SOURCE MATERIAL:
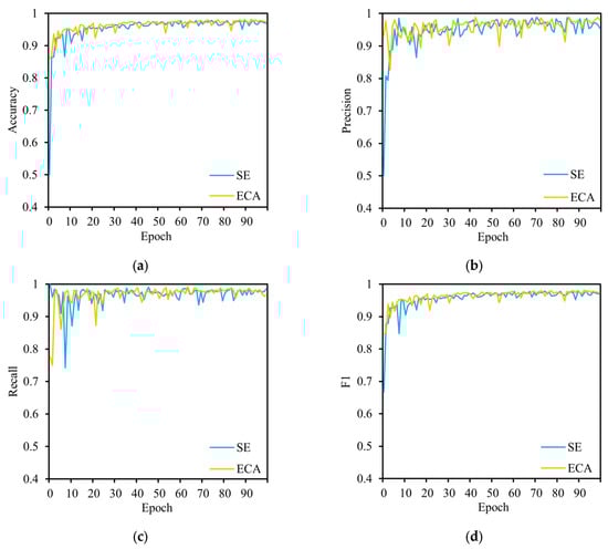 In this paper, the ECA is employed as a replacement for the SE module in the original model. Two sets of experiments were conducted to validate this approach, one utilising the SE module and the other employing the ECA module. The individual performance curves for both are illustrated in Figure 15. The comparison waveforms of accuracy, precision, recall, and F1 score are presented, demonstrating that the ECA performs slightly better than the SE in terms of accuracy, precision, and F1 score, while recall is slightly worse than SE. The specific results are shown in Table 5. Following the replacement of the SE module with the ECA, an increase of 0.16% in accuracy, a decrease of 0.15% in precision, an increase of 0.45% in recall, an increase of 0.0016 in F1 score, and an increase of 5.07 in the average frame rate were observed. In light of these findings, it can be concluded that the MobileNetV3-Small model based on the ECA is a more suitable option for real-time fire monitoring.
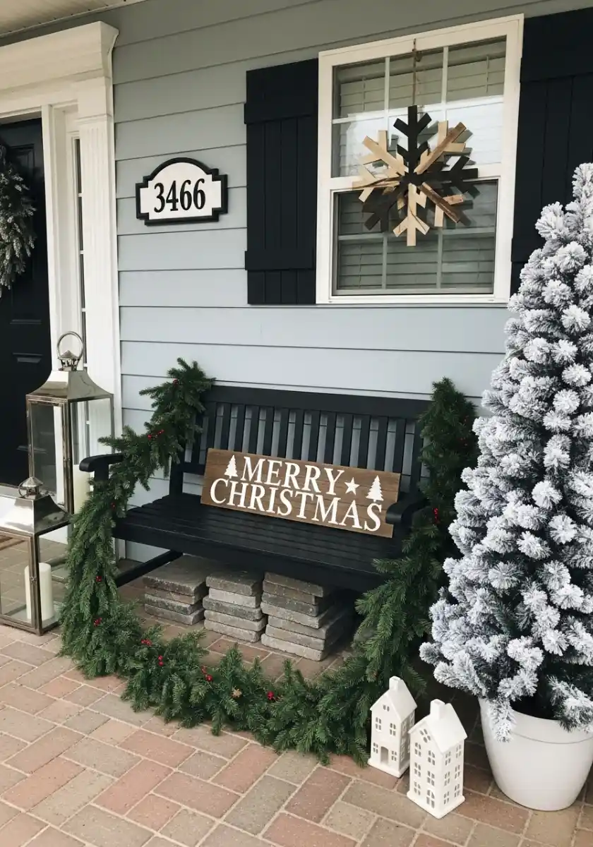 Front porches love restraint. This bench vignette proves it. A thick garland swoops across a black bench, a big wooden snowflake hangs in the window, and a flocked tree in a white pot balances the other side. I used brick pavers under my bench to raise it a tiny bit like the photo. It sounds silly, but the height makes the garland fall right and feel rich. Minimalist Christmas neutrals for the win.
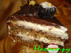 Нижний корж пропитать и намазать черносливом, нанести обильно крем. Накрыть вторым коржом, пропитать, намазать крем. Накрыть третьим коржом и повторить туже операцию. Бока торта также обмазать кремом. Поставить торт в холодильник для застывания крема. Затем покрыть торт глазурью (растопить шоколад на водяной бане, тщательно размешать со сливками).

WORK TO COMPLETE:
The listing above must be given again exactly, minus its pictures.

TASK SOLUTION:
 In this paper, the ECA is employed as a replacement for the SE module in the original model. Two sets of experiments were conducted to validate this approach, one utilising the SE module and the other employing the ECA module. The individual performance curves for both are illustrated in Figure 15. The comparison waveforms of accuracy, precision, recall, and F1 score are presented, demonstrating that the ECA performs slightly better than the SE in terms of accuracy, precision, and F1 score, while recall is slightly worse than SE. The specific results are shown in Table 5. Following the replacement of the SE module with the ECA, an increase of 0.16% in accuracy, a decrease of 0.15% in precision, an increase of 0.45% in recall, an increase of 0.0016 in F1 score, and an increase of 5.07 in the average frame rate were observed. In light of these findings, it can be concluded that the MobileNetV3-Small model based on the ECA is a more suitable option for real-time fire monitoring.
 Front porches love restraint. This bench vignette proves it. A thick garland swoops across a black bench, a big wooden snowflake hangs in the window, and a flocked tree in a white pot balances the other side. I used brick pavers under my bench to raise it a tiny bit like the photo. It sounds silly, but the height makes the garland fall right and feel rich. Minimalist Christmas neutrals for the win.
 Нижний корж пропитать и намазать черносливом, нанести обильно крем. Накрыть вторым коржом, пропитать, намазать крем. Накрыть третьим коржом и повторить туже операцию. Бока торта также обмазать кремом. Поставить торт в холодильник для застывания крема. Затем покрыть торт глазурью (растопить шоколад на водяной бане, тщательно размешать со сливками).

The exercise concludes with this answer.